## TASK DESCRIPTION
Each line from the first line of the entries through the line holding "On 14 February" is to be restated word for word; nothing else, and no picture, belongs in the answer.

Stored items
- Opening Delimiter -
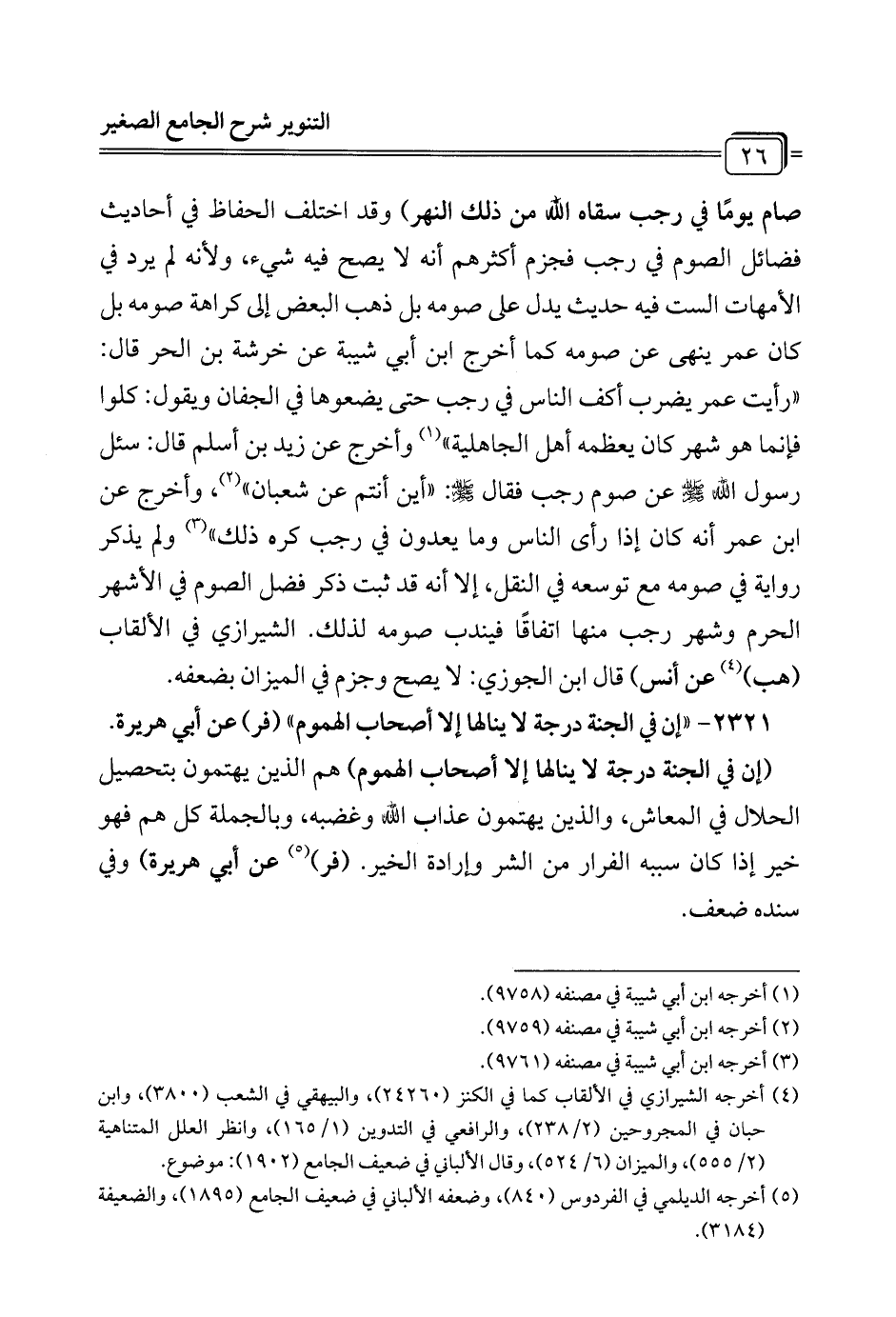 صام يومًا في رجب سقاه الله من ذلك النهر) وقد اختلف الحفاظ في أحاديث فضائل الصوم في رجب فجزم أكثرهم أنه لا يصح فيه شيء، ولأنه لم يرد في الأمهات الست فيه حديث يدل على صومه بل ذهب البعض إلى كراهة صومه بل كان عمر ينهى عن صومه كما أخرج ابن أبي شيبة عن خرشة بن الحر قال: "رأيت عمر يضرب أكف الناس في رجب حتى يضعوها في الجفان ويقول: كلوا فإنما هو شهر كان يعظمه أهل الجاهلية" (¬1) وأخرج عن زيد بن أسلم قال: سئل رسول الله - صلى الله عليه وسلم - عن صوم رجب فقال - صلى الله عليه وسلم -: "أين أنتم عن شعبان" (¬2)، وأخرج عن ابن عمر أنه كان إذا رأى الناس وما يعدون في رجب كره ذلك" (¬3) ولم يذكر رواية في صومه مع توسعه في النقل، إلا أنه قد ثبت ذكر فضل الصوم في الأشهر الحرم وشهر رجب منها اتفاقًا فيندب صومه لذلك. الشيرازي في الألقاب (هب) (¬4) عن أنس) قال ابن الجوزي: لا يصح وجزم في الميزان بضعفه.
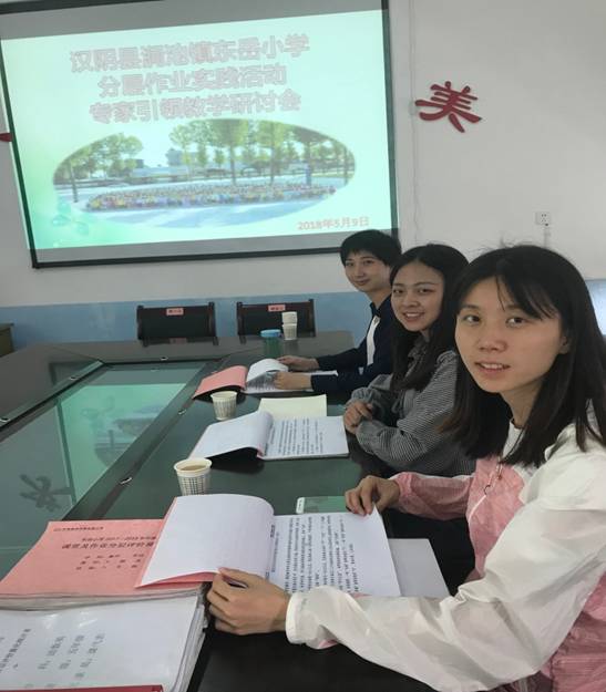 《小学教育科研方法》是小学教育专业核心课程,课程以员工科研意识培养和科研能力锻炼为目标,教学的实践参与性强。作为“课内外、校内外一体化”教学模式的尝试,2018年5月9日,太阳成集团tyc122ccvip王贞惠老师应邀带领2015级小学教育同学,参加了汉阴涧池镇东岳小学“分层作业”校本教研实践研讨活动。
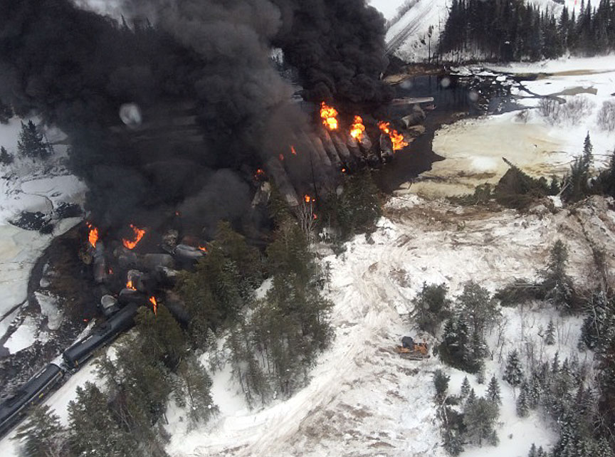 On 14 February 2015, at about 2335 Eastern Standard Time, Canadian National Railway (CN) crude oil unit train U70451-10 was proceeding eastward at about 38 mph on CN's Ruel Subdivision when it experienced a train-initiated emergency brake application at Mile 111.7, at Gladwick, near Gogama, Ontario. A subsequent inspection determined that the 7th through 35th cars (29 cars in total) had derailed. Nineteen of the tank cars were breached, and about 1.7 million litres of petroleum crude oil were released to either atmosphere or surface. The released product ignited, and the fires burned for 5 days. About 900 feet of mainline track was destroyed. There was no evacuation, and there were no injuries.Footnote 89
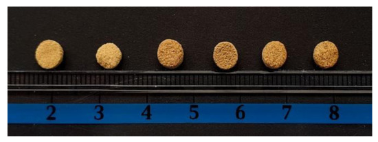 - Quodbach, J.; Kleinebudde, P. Performance of tablet disintegrants: Impact of storage conditions and relative tablet density. Pharm. Dev. Technol. 2015, 20, 762–768. [Google Scholar] [CrossRef]
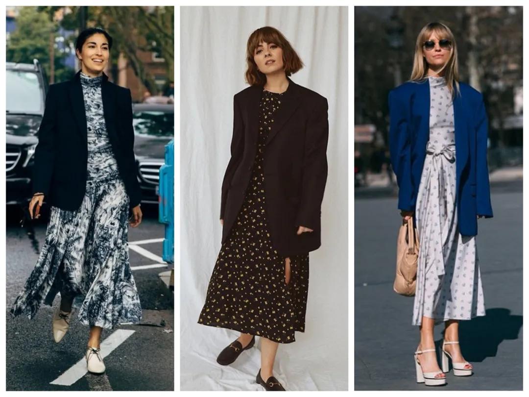 时装周里,几乎每个博主都演绎过西装+印花裙的look。
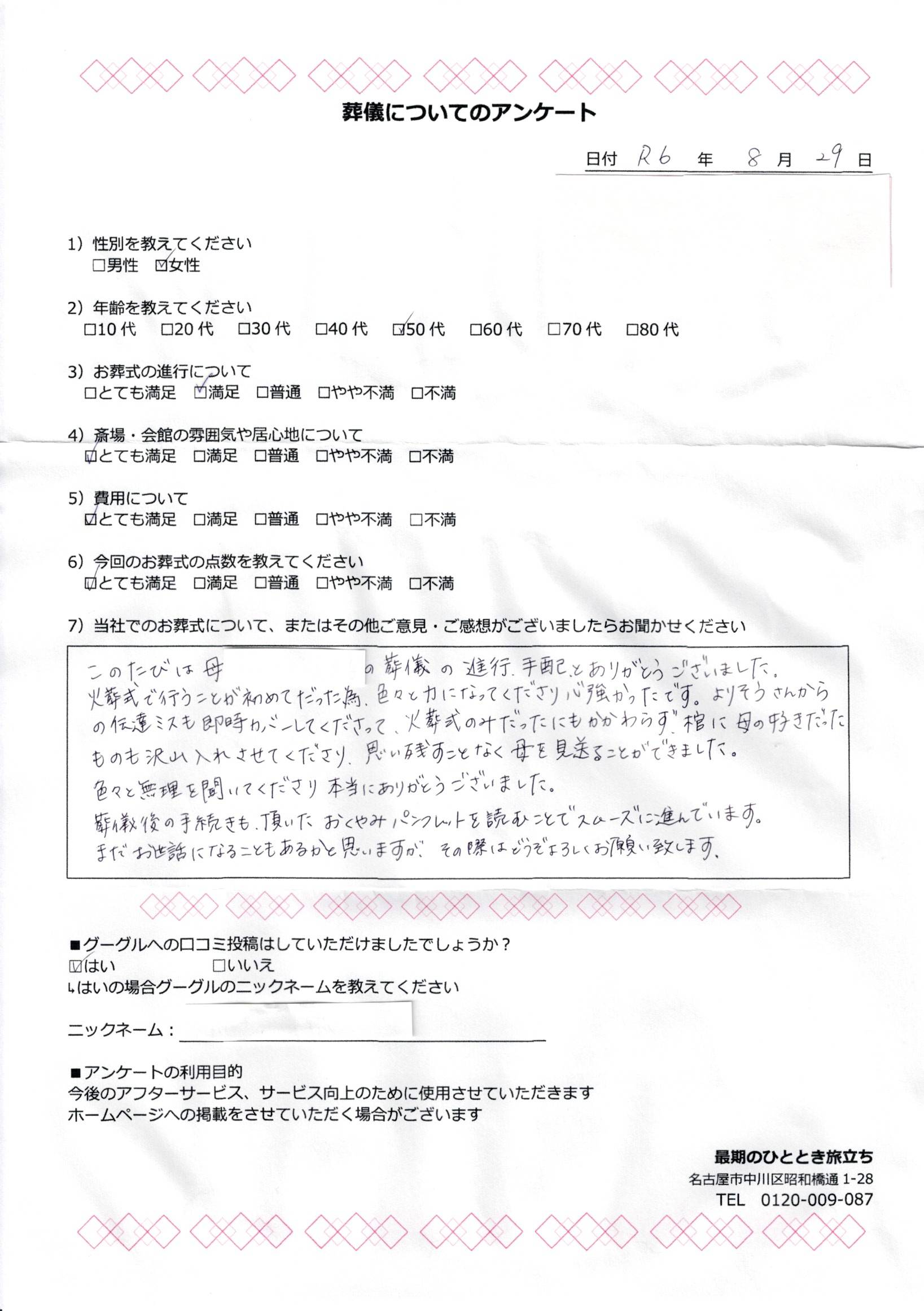 2025/04/08 Scan2025-04-08_182718 無料で今すぐ相談する 葬儀・家族葬に関する疑問やお悩みは、お気軽にご相談ください。 ご相談・お問合わせ・お見積もりは無料です。 最期のひととき旅立ちまでお気軽にお問い合わせください。 葬儀・家族葬のご相談はこちら >> 無料で今すぐ相談する 葬儀・家族葬に関する疑問やお悩みは、お気軽にご相談ください。 ご相談・お問合わせ・お見積もりは無料です。 最期のひととき旅立ちまでお気軽にお問い合わせください。 葬儀・家族葬のご相談はこちら >> ≪ひとつ古い記事へ
- Closing Delimiter -
## ANSWER FOR THE TASK
 صام يومًا في رجب سقاه الله من ذلك النهر) وقد اختلف الحفاظ في أحاديث فضائل الصوم في رجب فجزم أكثرهم أنه لا يصح فيه شيء، ولأنه لم يرد في الأمهات الست فيه حديث يدل على صومه بل ذهب البعض إلى كراهة صومه بل كان عمر ينهى عن صومه كما أخرج ابن أبي شيبة عن خرشة بن الحر قال: "رأيت عمر يضرب أكف الناس في رجب حتى يضعوها في الجفان ويقول: كلوا فإنما هو شهر كان يعظمه أهل الجاهلية" (¬1) وأخرج عن زيد بن أسلم قال: سئل رسول الله - صلى الله عليه وسلم - عن صوم رجب فقال - صلى الله عليه وسلم -: "أين أنتم عن شعبان" (¬2)، وأخرج عن ابن عمر أنه كان إذا رأى الناس وما يعدون في رجب كره ذلك" (¬3) ولم يذكر رواية في صومه مع توسعه في النقل، إلا أنه قد ثبت ذكر فضل الصوم في الأشهر الحرم وشهر رجب منها اتفاقًا فيندب صومه لذلك. الشيرازي في الألقاب (هب) (¬4) عن أنس) قال ابن الجوزي: لا يصح وجزم في الميزان بضعفه.
 《小学教育科研方法》是小学教育专业核心课程,课程以员工科研意识培养和科研能力锻炼为目标,教学的实践参与性强。作为“课内外、校内外一体化”教学模式的尝试,2018年5月9日,太阳成集团tyc122ccvip王贞惠老师应邀带领2015级小学教育同学,参加了汉阴涧池镇东岳小学“分层作业”校本教研实践研讨活动。
 On 14 February 2015, at about 2335 Eastern Standard Time, Canadian National Railway (CN) crude oil unit train U70451-10 was proceeding eastward at about 38 mph on CN's Ruel Subdivision when it experienced a train-initiated emergency brake application at Mile 111.7, at Gladwick, near Gogama, Ontario. A subsequent inspection determined that the 7th through 35th cars (29 cars in total) had derailed. Nineteen of the tank cars were breached, and about 1.7 million litres of petroleum crude oil were released to either atmosphere or surface. The released product ignited, and the fires burned for 5 days. About 900 feet of mainline track was destroyed. There was no evacuation, and there were no injuries.Footnote 89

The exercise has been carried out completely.